Rezension Zivilrecht: Commercial Contracts in Germany

Mann, Commercial Contracts in Germany, 1. Auflage, C.H. Beck 2015

Von Carina Wollenweber, Wirtschaftsjuristin, LL.M., Siegen



Das Werk von Mann ist, wie der Titel bereits erahnen lässt, in englischer Sprache geschrieben und umfasst 297 Seiten (inkl. Anhang und Stichwortverzeichnis). Es besteht aus 2 Teilen: dem Hauptteil, welcher sich mit (Handels-)Vertragsarten befasst, und einer Art Anhang, in welchem Auszüge aus dem HGB und ProdHaftG sowie eine Liste mit den wichtigsten Begriffen in deutsch und englisch zu finden sind.

Der Hauptteil gliedert sich in 13 Kapitel (A – M). Kapitel 1 (A) schildert Aufbau und Inhalt des Werkes. Das 2. Kapitel (B) beschäftigt sich mit den Grundlagen und -sätzen des Vertragsrechts und bildet einen wesentlichen Schwerpunkt des Werkes. Gegenstand sind insbesondere das Zustandekommen und die Beendigung eines Vertrages, AGB-Recht, Verträge in der Insolvenz sowie internationales Vertragsrecht. Zum letztgenannten Bereich zählt auch die Tabelle (S. 52), in welcher die Unterschiede zwischen BGB und CISG hervorgehoben werden. Kapitel 3 (C) widmet sich der Streitschlichtung.

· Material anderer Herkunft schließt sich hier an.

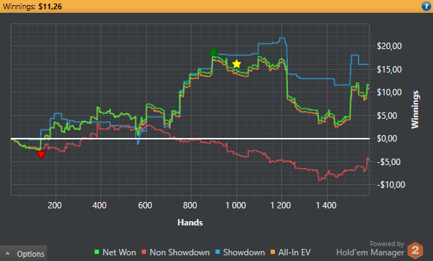 Разбор раздач, обсуждение рейнджей, игра по ГТОвыкладывать графики где удалось поднять деньжат, и ныть когдасоперникам закрывают их 50+% при выставлениипереезжают. Т.к. мой друг (настоящий, не воображаемый) запрещает в таких ситуациях ему нытьВообще для меня покер на данный момент это вещь, с помощью которой можно заработать доп. деньги на какие то приятные плюшки. На данный момент появилась цель: Египет 2017, где-то в марте. Цена вопроса около 1000 $. К ней мы и будем стремится. Есть работа, на которой даже получается зарабатывать деньги, на жизнь вроде хватает, если с покером будет все плохо, придется откладывать деньги на поездку оттуда, чего не хотелось бы. Поэтому с покером будет все хорошо!

In den Kapiteln 4 – 13 (D – M) werden spezielle Handels- und Vertriebsvertragstypen vorgestellt. Die meisten Seiten beschäftigen sich mit dem Kauf- (Kapitel 4, D), Handelsvertreter- (Kapitel 8, H) und Vertragshändlervertrag (Kapitel 9, I). Relevant für den Kaufvertrag aus Kapitel 4 (D) sind z.B. die Rechte und Pflichten der Parteien sowie die Produkthaftung. Kapitel 5 (E) widmet sich der Qualitätssicherungsvereinbarung. Die Themen Kommissions- (Kapitel 10, J), Transport- und Fracht- (Kapitel 12, L) sowie Lagervertrag (Kapitel 13, M) werden ebenfalls behandelt.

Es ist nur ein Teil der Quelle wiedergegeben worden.